Task goal: Where the records below begin, start copying, and stop after the line that contains "Pavel Klimov's painting"; reproduce every line exactly but omit pictures.

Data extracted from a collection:
_____

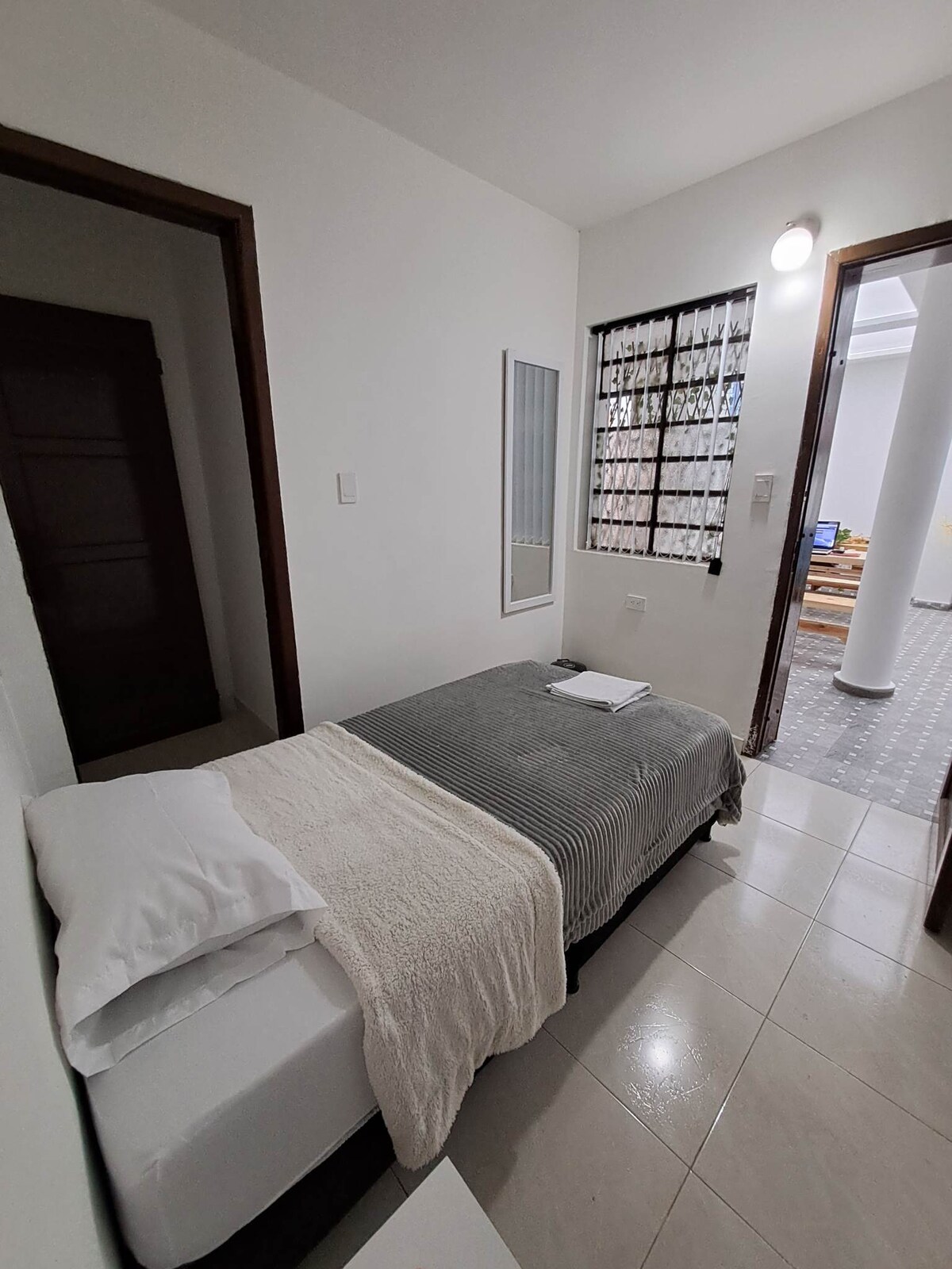 Room in a boutique hotel located in the Palermo neighborhood of Teusaquillo, in a residential area, minutes' walk from the Palermo Clinic, the city center, El Campin Stadium, the Movistar Arena, and the airport. The room features a private bathroom, desk, 32-inch smart TV, and smart locks. Night security.
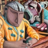 Pavel Klimov's painting "Modern Irritant PRO" is a complex and multifaceted genre scene in which the artist explores themes of contemporary society, its problems, and contradictions. He uses a vibrant yet unsettling color palette and deformed forms to create an atmosphere of tension, anxiety, and social critique characteristic of a world where technology plays an increasingly important role. This is not simply a depiction of a group of people, but rather a visual commentary on the issue of alienation, loneliness, and the impact of modern technology on our lives.
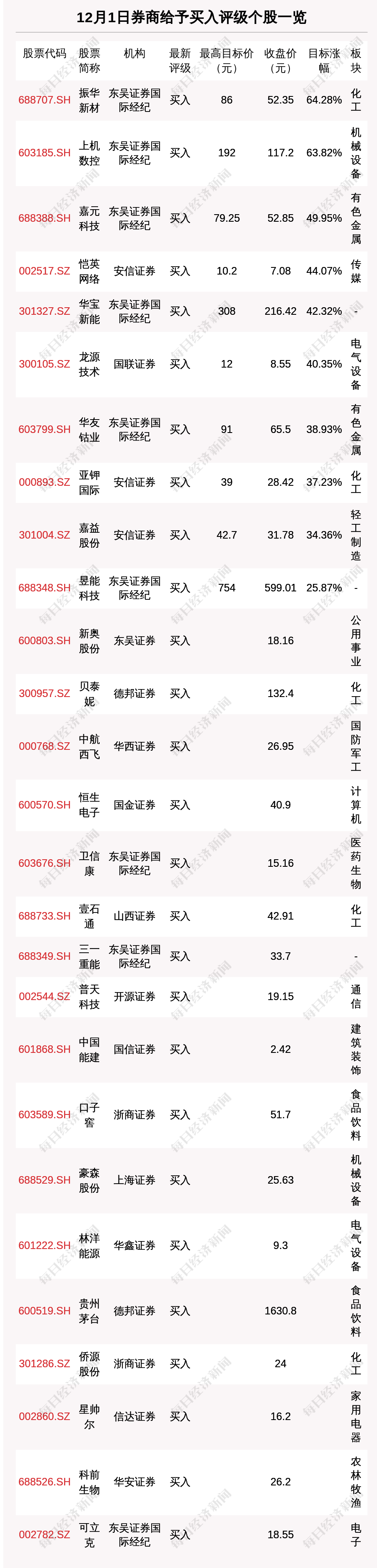 12月1日,券商给予评级的个股数共有46只,获得买入评级的个股数共有27只。在公布了目标价格的10只个股中,按照最新收盘价计算,预期涨幅排名居前的个股是振华新材(688707.SH)、上机数控(603185.SH)、嘉元科技(688388.SH),预期涨幅分别是64.28%、63.82%、49.95%。
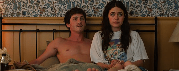 Oh, Hi follows a young couple on a little retreat together. After dating for 4 months, Iris (Molly Gordon) and her boyfriend Isaac (Logan Lerman) have rented out a charming little place out in the country where they can just unwind, relax and have kinky sex in a brand new location. To help with that kinky sex, turns out the place that they’ve rented happens to have a few sex toys hidden about the place including a couple of restraints for the bed and so, in a moment of spontaneity, Isaac offers to be restrained to the bed for part of their kinktastic fun… and then, just before he’s due to be untied, reveals he never thought of him and Iris as an exclusive couple and that they were just two 20-somethings having fun. Iris, however, thought they were not only exclusive but in a happy and long term relationship. Of course, she could handle this through a calm conversation, but instead decides to leave Isaac tied to the bed for 12 hours so he has enough time to realise he actually does love her. So begins the elaborate, farcical attempt to force a man to have feelings for someone who is currently kidnapping him.
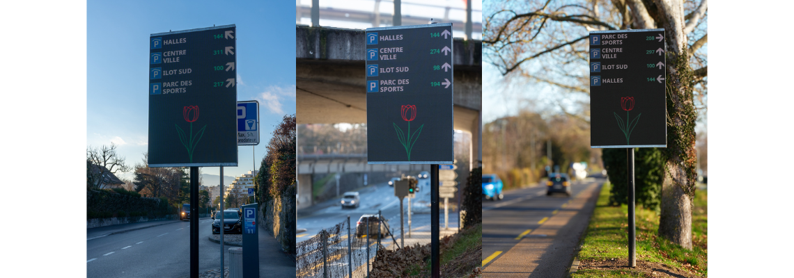 Nous avons récemment installé 3 panneaux LED de téléjalonnement en Ville de Morges. Cette solution permet d’orienter le trafic vers les places de stationnement disponibles et de faciliter l’accès au centre-ville.

_____

Exercise output:
 Room in a boutique hotel located in the Palermo neighborhood of Teusaquillo, in a residential area, minutes' walk from the Palermo Clinic, the city center, El Campin Stadium, the Movistar Arena, and the airport. The room features a private bathroom, desk, 32-inch smart TV, and smart locks. Night security.
 Pavel Klimov's painting "Modern Irritant PRO" is a complex and multifaceted genre scene in which the artist explores themes of contemporary society, its problems, and contradictions. He uses a vibrant yet unsettling color palette and deformed forms to create an atmosphere of tension, anxiety, and social critique characteristic of a world where technology plays an increasingly important role. This is not simply a depiction of a group of people, but rather a visual commentary on the issue of alienation, loneliness, and the impact of modern technology on our lives.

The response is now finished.